Show that the series
$$\sum_n \frac{z^{n-1}}{(1-z^n)(1-z^{n+1})},\quad z\in\mathbb{C},$$ converges to $\frac{1}{(1-z)^2}$ for $|z|<1$ and to $\frac{1}{z(1-z)^2}$ for $|z|>1$...
I try prove it so;
I know that $\sum z^n = \frac{1}{1-z}$ when $|z|<1$ thus $\sum (n+1)z^n = \frac{1}{(1-z)^2}$ in this way I would to prove that $ \sum (n+1)z^n = \sum \frac{z^{n-1}}{(1-z^n)(1-z^{n+1})}$
Some recommendation for continue it way or some other idea?

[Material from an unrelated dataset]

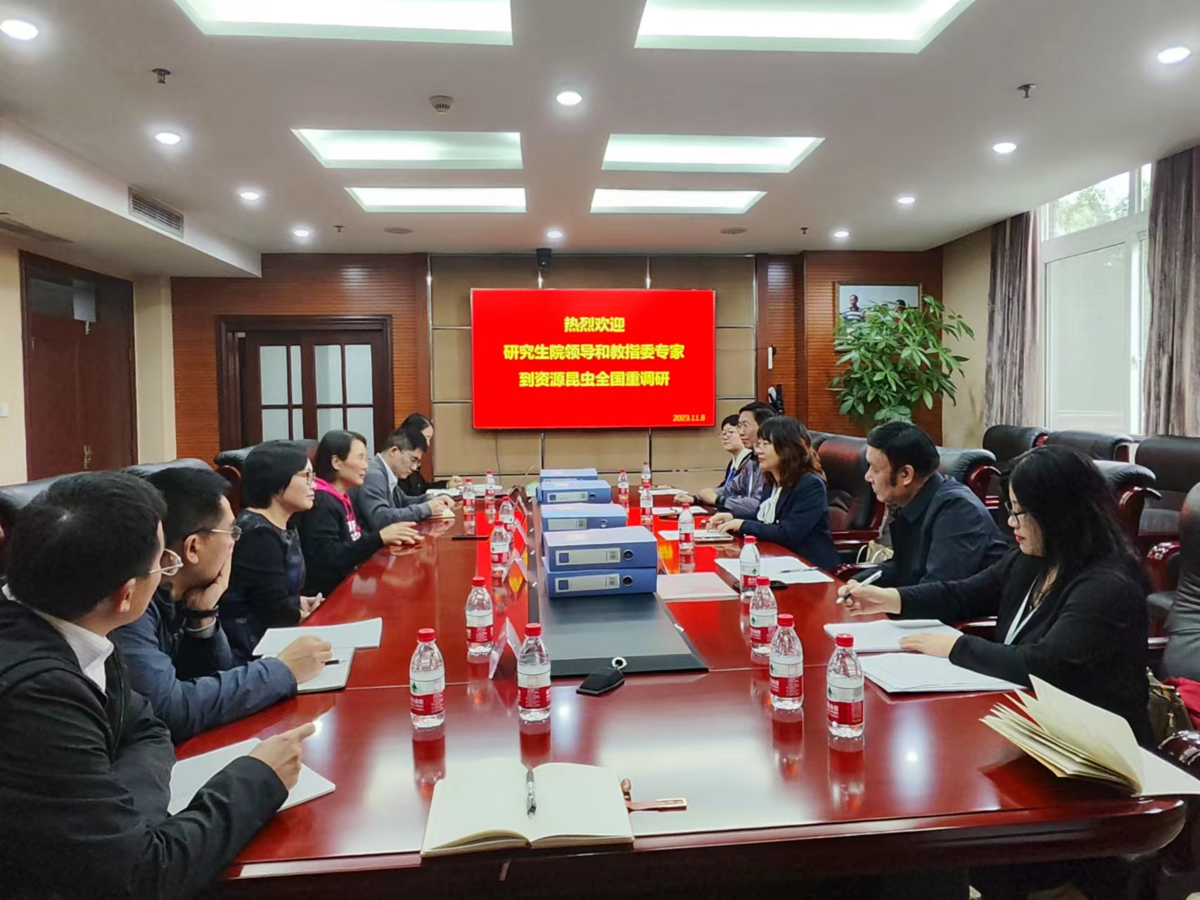 资源昆虫高效养殖与利用全国重点实验室崔红娟副主任、何宁佳教授、蔡晓霞辅导员等相关同志就实验室研究生招生、资源配置、培养特色及毕业发展等情况及工作开展过程中存在的困难和问题进行了汇报。督导调研工作组翻阅了实验室准备的相关材料,就实验室师资队伍建设、行政队伍管理、研究生科研成果奖励、论文开题评阅报告、学位论文答辩记录、专业学位研究生联合培养基地等情况进行了交流,针对实验室提出的相关问题,杨丹副院长进行了回应,对实验室在督导方面的工作成果进行高度评价,并鼓励实验室坚持开展“科研之星”奖项的评选、规范论文相关材料填写,推动研究生教育质量不断提升。

This exercise is in $\textit{Complex Analysis - Serge Lang}$ - Third Edition, page $26$
thank your.
Note $$\frac{z^{n-1}}{(1-z^n)(1-z^{n+1})} = \frac{1}{z(1-z)}\left[\frac{1}{1-z^n} - \frac{1}{1-z^{n+1}}\right]$$ and $$\lim_{n\to \infty} \frac{1}{1-z^{n+1}} = \begin{cases}1&\text{if $\lvert z\rvert < 1$}\\ 0 & \text{if $\lvert z\rvert > 1$}\end{cases}$$
So the series telescopes to $$\frac{1}{z(1-z)}\left[\frac{1}{1-z} - 1\right] = \frac{1}{(1-z)^2}$$when $\lvert z\rvert < 1$, and to $$\frac{1}{z(1-z)}\left[\frac{1}{(1-z)}\right] = \frac{1}{z(1-z)^2}$$when $\lvert z\rvert > 1$.